INPUT FOR THIS TASK:
········

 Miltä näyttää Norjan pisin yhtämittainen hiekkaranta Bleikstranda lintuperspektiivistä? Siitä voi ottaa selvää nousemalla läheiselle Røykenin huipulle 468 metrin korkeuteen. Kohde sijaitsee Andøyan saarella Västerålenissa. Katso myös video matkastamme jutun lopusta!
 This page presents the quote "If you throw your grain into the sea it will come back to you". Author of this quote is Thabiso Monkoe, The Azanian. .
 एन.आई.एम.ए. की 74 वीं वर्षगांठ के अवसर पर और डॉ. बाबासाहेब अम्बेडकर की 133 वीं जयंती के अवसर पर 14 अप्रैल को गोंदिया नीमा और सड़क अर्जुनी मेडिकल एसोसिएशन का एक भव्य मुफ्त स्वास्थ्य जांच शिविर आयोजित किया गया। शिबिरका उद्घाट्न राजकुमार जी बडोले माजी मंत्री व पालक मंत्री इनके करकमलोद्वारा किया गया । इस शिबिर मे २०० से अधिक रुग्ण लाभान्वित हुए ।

········

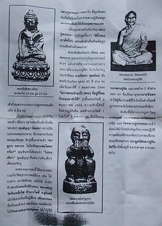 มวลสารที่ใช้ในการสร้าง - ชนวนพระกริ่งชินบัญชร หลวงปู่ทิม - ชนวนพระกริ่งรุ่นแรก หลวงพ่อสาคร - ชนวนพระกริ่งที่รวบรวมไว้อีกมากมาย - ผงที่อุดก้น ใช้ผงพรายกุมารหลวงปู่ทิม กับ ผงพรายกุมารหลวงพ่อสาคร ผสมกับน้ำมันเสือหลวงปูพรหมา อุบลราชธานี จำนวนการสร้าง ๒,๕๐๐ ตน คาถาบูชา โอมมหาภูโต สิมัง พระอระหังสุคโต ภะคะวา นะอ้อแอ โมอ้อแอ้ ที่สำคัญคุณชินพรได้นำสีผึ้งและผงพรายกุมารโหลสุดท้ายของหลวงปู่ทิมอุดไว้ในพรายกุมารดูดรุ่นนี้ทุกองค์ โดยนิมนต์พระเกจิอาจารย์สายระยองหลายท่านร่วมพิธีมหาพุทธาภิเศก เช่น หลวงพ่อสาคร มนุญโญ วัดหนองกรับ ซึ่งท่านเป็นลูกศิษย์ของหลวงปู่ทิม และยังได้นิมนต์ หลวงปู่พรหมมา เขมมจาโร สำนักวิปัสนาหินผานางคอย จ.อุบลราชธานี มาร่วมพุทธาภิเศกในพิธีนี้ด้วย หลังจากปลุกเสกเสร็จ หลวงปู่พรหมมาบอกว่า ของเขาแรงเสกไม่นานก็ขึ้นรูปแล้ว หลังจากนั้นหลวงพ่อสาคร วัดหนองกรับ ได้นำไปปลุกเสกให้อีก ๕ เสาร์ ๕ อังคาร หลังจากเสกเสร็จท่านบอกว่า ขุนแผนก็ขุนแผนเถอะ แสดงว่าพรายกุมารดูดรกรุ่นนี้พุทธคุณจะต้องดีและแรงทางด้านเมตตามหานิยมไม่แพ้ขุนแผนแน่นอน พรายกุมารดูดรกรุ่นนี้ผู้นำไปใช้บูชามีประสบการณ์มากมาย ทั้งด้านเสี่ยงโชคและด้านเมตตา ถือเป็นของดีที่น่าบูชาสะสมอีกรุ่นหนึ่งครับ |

········

WHAT IS BEING ASKED: Please make an exact copy of the lines above from the line with "Miltä näyttää Norjan" through the line with "एन.आई.एम.ए. की 74", both ends included.

SOLUTION TO THE EXERCISE:
 Miltä näyttää Norjan pisin yhtämittainen hiekkaranta Bleikstranda lintuperspektiivistä? Siitä voi ottaa selvää nousemalla läheiselle Røykenin huipulle 468 metrin korkeuteen. Kohde sijaitsee Andøyan saarella Västerålenissa. Katso myös video matkastamme jutun lopusta!
 This page presents the quote "If you throw your grain into the sea it will come back to you". Author of this quote is Thabiso Monkoe, The Azanian. .
 एन.आई.एम.ए. की 74 वीं वर्षगांठ के अवसर पर और डॉ. बाबासाहेब अम्बेडकर की 133 वीं जयंती के अवसर पर 14 अप्रैल को गोंदिया नीमा और सड़क अर्जुनी मेडिकल एसोसिएशन का एक भव्य मुफ्त स्वास्थ्य जांच शिविर आयोजित किया गया। शिबिरका उद्घाट्न राजकुमार जी बडोले माजी मंत्री व पालक मंत्री इनके करकमलोद्वारा किया गया । इस शिबिर मे २०० से अधिक रुग्ण लाभान्वित हुए ।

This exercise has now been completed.